In particular, it ensures that the business has a complete and accurate picture of IT operations, and vice versa. Organizations can also quickly identify process problems and get processes that don’t map to overall business objectives back on track – increasing value and efficiency.

But business process visibility is not just a nice-to-have, it’s essential in order to improve business processes and overall operational efficiency. Here are eight unfortunate things that happen when visibility isn’t up to par.

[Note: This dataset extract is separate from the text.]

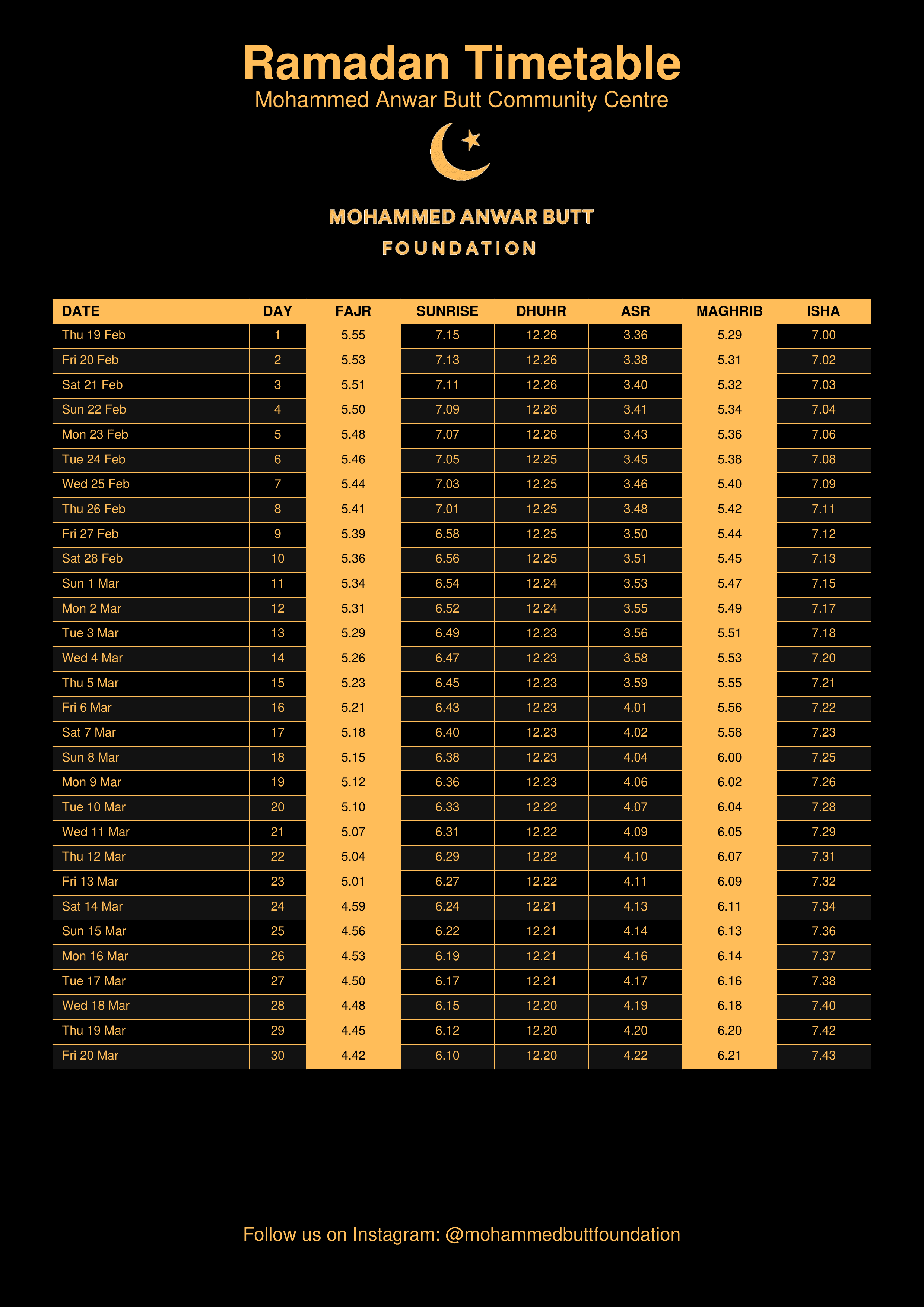 Ramadan Timetable

Silos and Manual Solutions

When information isn’t stored and shared in a central location, each team must develop its own process and solution. Obviously, these are inconsistent and unreliable, and “reinventing the wheel” always takes longer that sticking with a single plan that everyone knows works. Also, while project managers may share schedules with sponsors and other leaders at the start of a project, executives may lose the trail if documents are updated but not shared in real time, or worse, via emails and spreadsheets.

Insufficient Resources

When leaders can’t see individual tasks and team capacity, they are likely to assume that their people can do more with less and may go overboard with project planning and assignment. Project managers may be aware that team members are overloaded, but without process visibility, they lack the means to prove it to executives. And with no reprieve in sight, top talent is likely to seek other opportunities.

Incomplete Communication

Email is the biggest culprit here. This resource is frequently used to communicate about projects, but what happens when a new team member joins and doesn’t have access to the project’s documented history, and what happens if a team member forgets to cc another on an important piece of communication? And what about the common scenario of the executive who feels kept in the dark because he or she isn’t receiving regular updates? Then, you have team members wasting time frantically searching their inboxes.

Lower Quality Outputs

Fragmented processes lead to poor project quality because it’s easy for details to be missed during handoffs and things to slip through the cracks. A small problem may easily become a larger one. The result? Anything from a cost overrun to a defective product.

Inaccurate Reporting

Even when businesses have the right business intelligence information available to them, it may be inaccessible or erroneously reported due to lack of process visibility. Leaders who don’t have the most relevant insights at their fingertips are less likely to make smart choices.

Poor Decision Making

If a leader or sponsor doesn’t know exactly how a project is proceeding (for example, how many status meetings took place, how many actions were completed, whether the timeline is being adhered to, or whether a project is in the red or the black), it’s difficult to competently decide if efforts need to be redirected or canceled, or if one initiative needs to be prioritized over another.

Less Effective CRM

While it’s true that customers buy based on individual, personal relationships, sales is still a team effort and successful selling cannot rely on one team member holding information close to the vest. Yet without process visibility, this is precisely what happens. Few in the organization are clear on who had meetings with who, whether VIP clients are being properly taken care of, and the appropriate means of follow up.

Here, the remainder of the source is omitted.